# once again, rear end...



## PONTIACBEN (May 6, 2006)

So tax return time is coming, and since i cant seem to find a complete used rear end,and i will have some extra $$$, i have started to look at new problem is, im not sure what carriers are going to work with my rear. None of the catalogs i have or websites i have visited specify that a particular carrier will work for B O P rear ends. Just 10 or 12 bolt chevy.
So back for your help i come. Surely someone else has replaced the stock 256 geared open carrier on a 69 with a brand new posi carrier and 323 or 355 gears.
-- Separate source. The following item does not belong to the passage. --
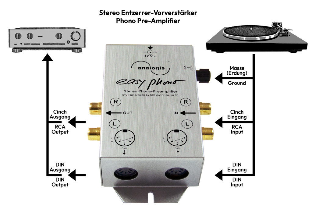 Easy lemezjátszó előerősítő DIN / 5 pólusú bemenettel
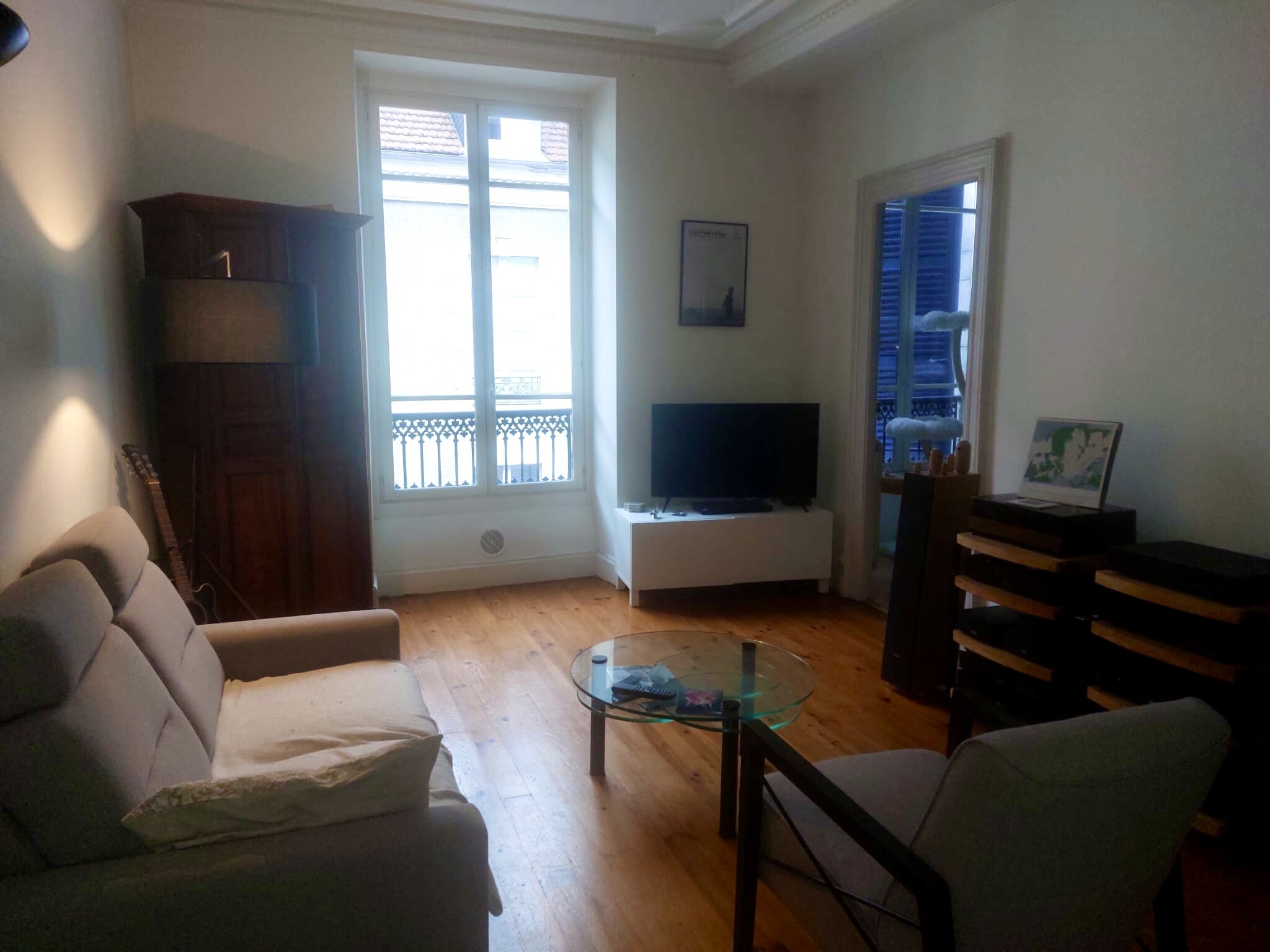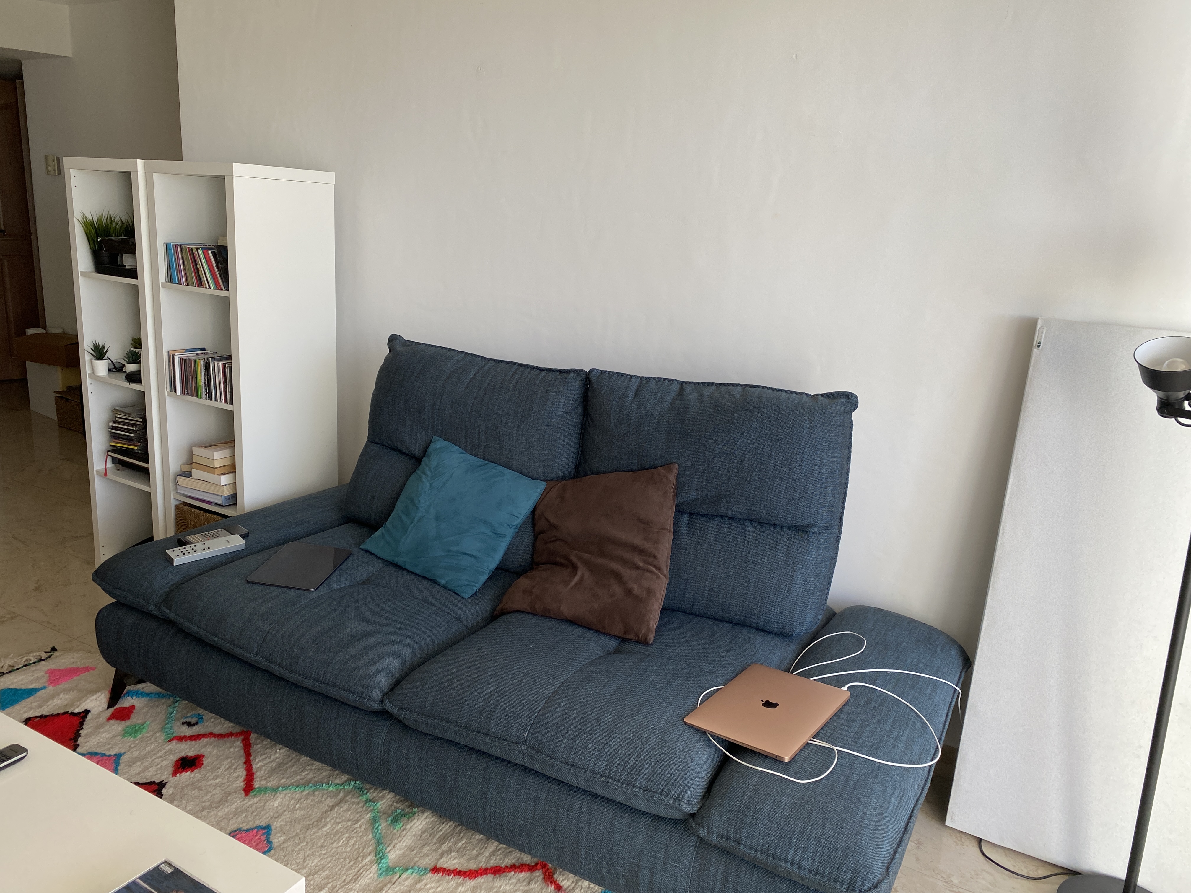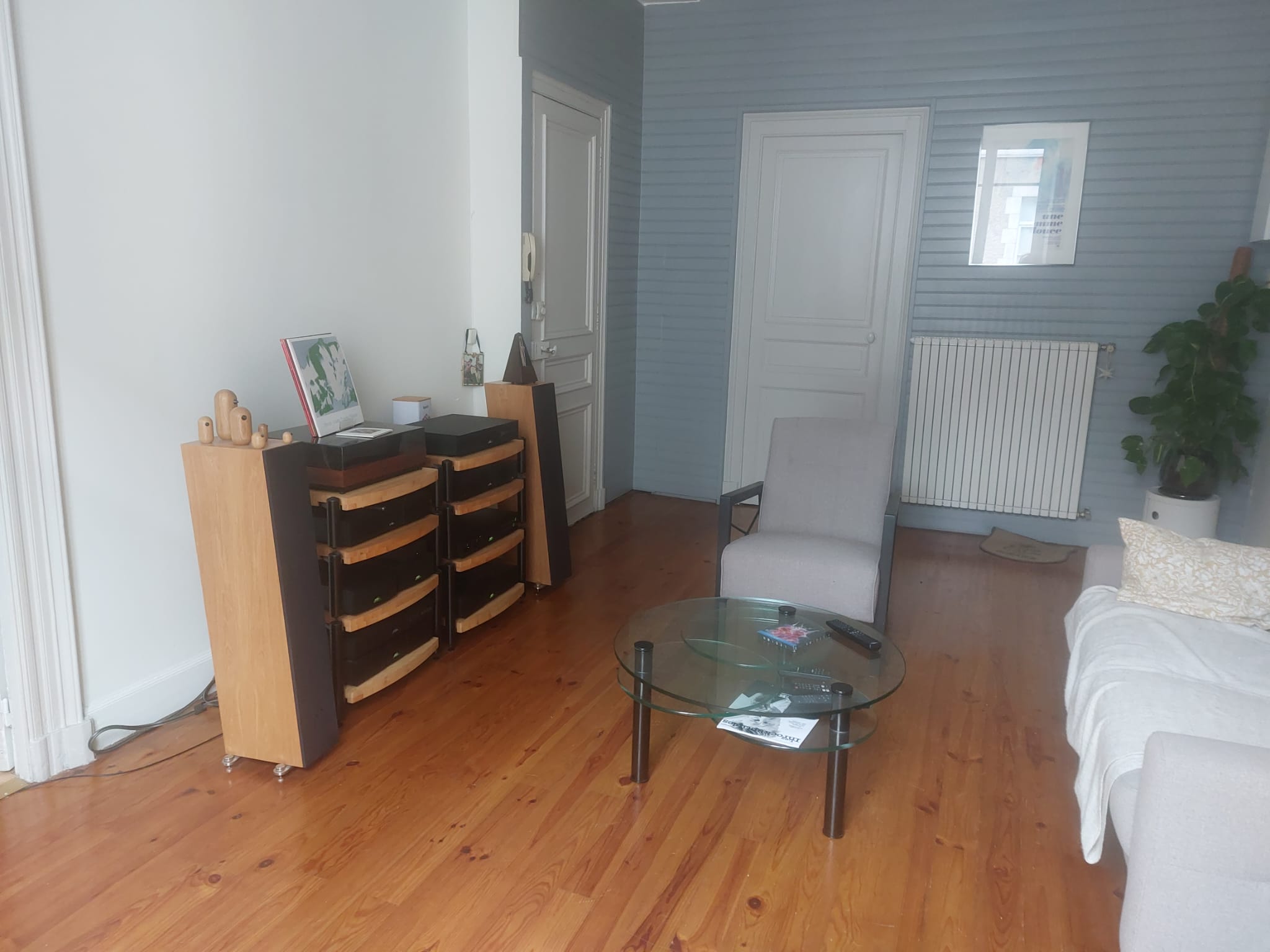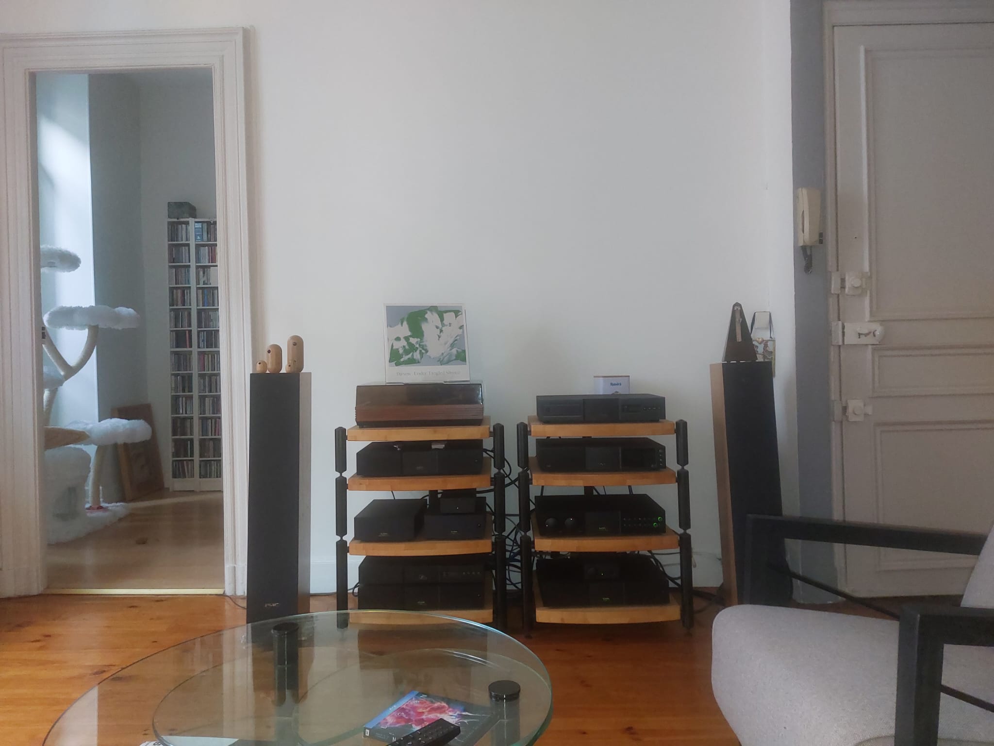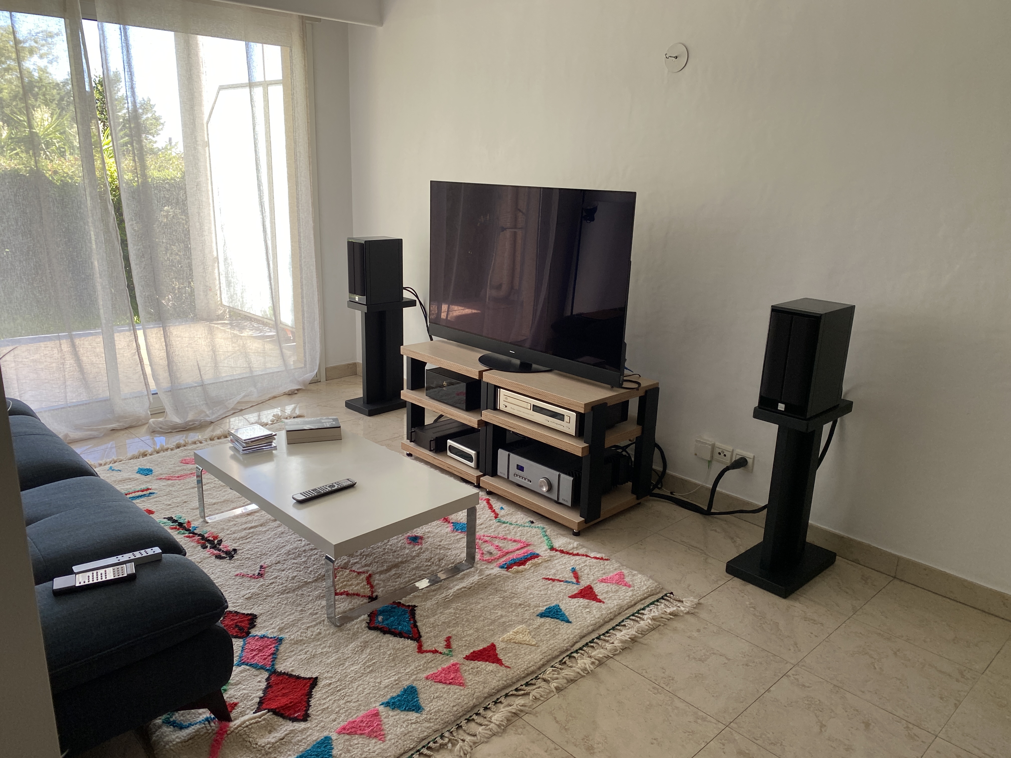 I placed a panel to the left of the couch since it seemed logical with the speaker being right across from it. But I can’t really say if it’s better or worse, because my ears aren’t in great shape at the moment, so I’m limiting my listening unfortunately.

Any help with part #s or good websites or catalogs would be GREATLY appreciated!!!


----------



## 05GTO (Oct 6, 2004)

My 67 has a tpe c 12 bolt that was rebuilt last year, I purchased the ring and pinion and posi gears from these guys, 

Randy's Ring & Pinion

You should be able to convert your 10 bolt open differential to a 3.55 posi.


----------



## Rukee (Feb 8, 2007)

You should be able to call someone like Jeg`s or Summit and they should be able to fix you right up with a limited slip or posi carrier and whatever gear ratio you want. I know Summit has whole axle assemblies too, you`ll have to call and ask if they`ll fit your application.


----------